Thursday, 7 August 2003: 3:50 PM
National Data Buoy Center: A Portal for Marine Mesonet Data
David B. Gilhousen, NOAA/NDBC, Stennis Space Center, MS
Poster PDF (193.0 kB)
About a dozen universities are collecting environmental data from buoys and fixed stations near the U.S. coast and posting them on various web sites. However, in order to appear on meteorological workstations and be assimilated into numerical prediction models, the measurements must be coded into a World Meteorological Organization (WMO) code form and transmitted to or collected by the National Weather Service (NWS). This encoding and transmission has not occurred because many research agencies lack either the knowledge of thr proper formatting or the time to develop the encoding software.

In order to solve this problem, the National Data Buoy Center (NDBC )developed C language software that could be used to place reports in two WMO real-time codes and distributed them to many of these universities. NDBC is now serving as a collection point where universities send observations via FTP for quality control and distribution on the various meteorological circuits. Observations are posted on NDBC’s popular web site which receives over seven million hits a month and links to the proper university are installed for each station. Local NWS offices often have the observations read on NOAA Weather Radio and distribution is made to private meteorological firms, such as the Weather Channel. Among the critical users of the real-time coded data are the NWS Tropical Prediction Center (a.k.a. the National Hurricane Center) and the Federal Emergency Management Agency.

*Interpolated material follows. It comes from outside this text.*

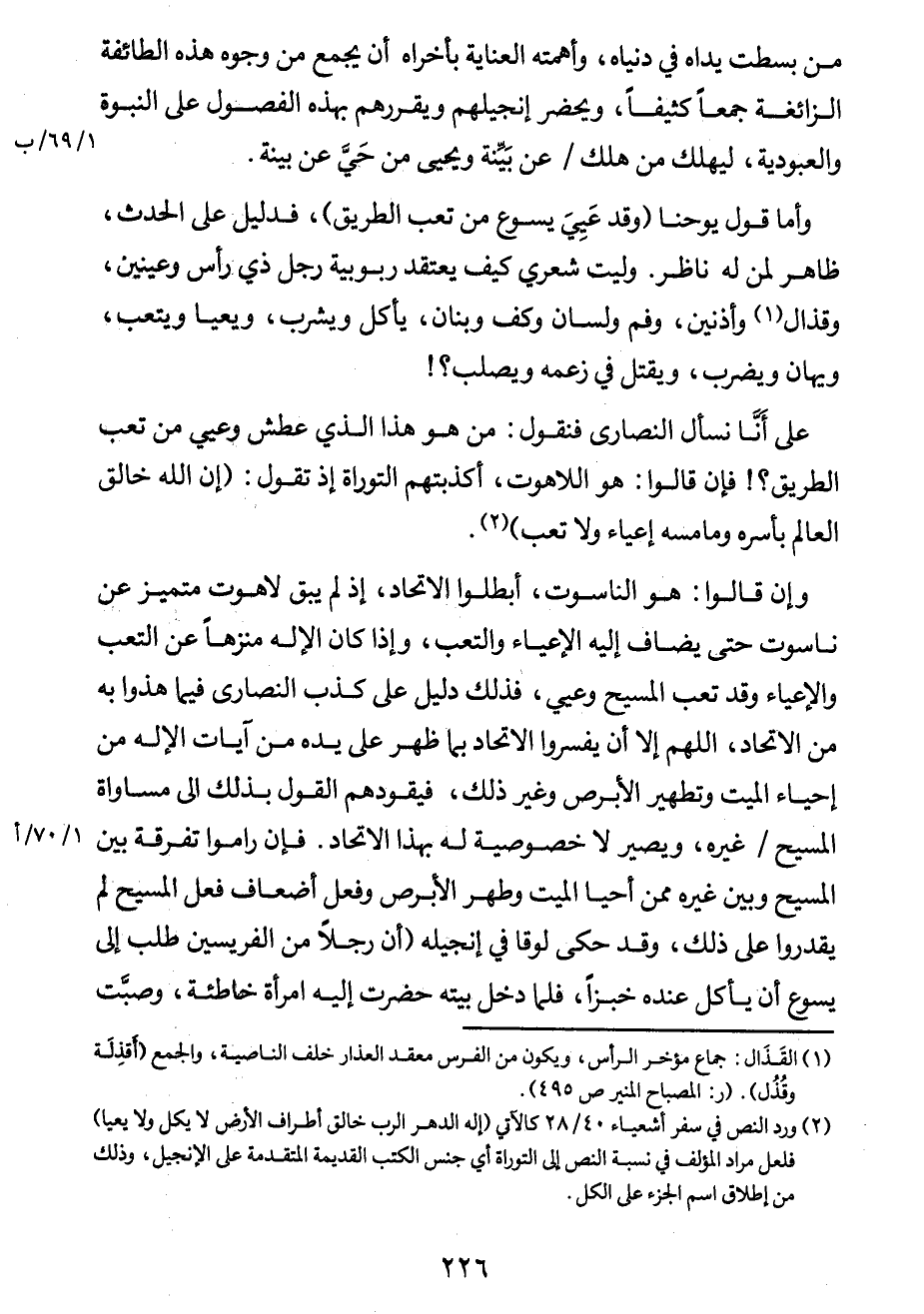 على أَنَّا نسأل النصارى فنقول: من هو هذا الذي عطش وعيي من تعب الطريق؟! فإن قالوا: هو اللاهوت، أكذبتهم التوراة إذ تقول: "إن الله خالق العالم بأسره وما مسه إعياء ولا تعب"2.

As of March 2003, observations from 15 buoys and 7 coastal stations operated by four different universities are sending observations to NDBC. These universities are gaining enhanced public visibility and the NWS is gaining valuable observations. Specific examples of how NDBC helped detect degraded observations from these stations will be shown and additional details will be provided to possible future collaborators.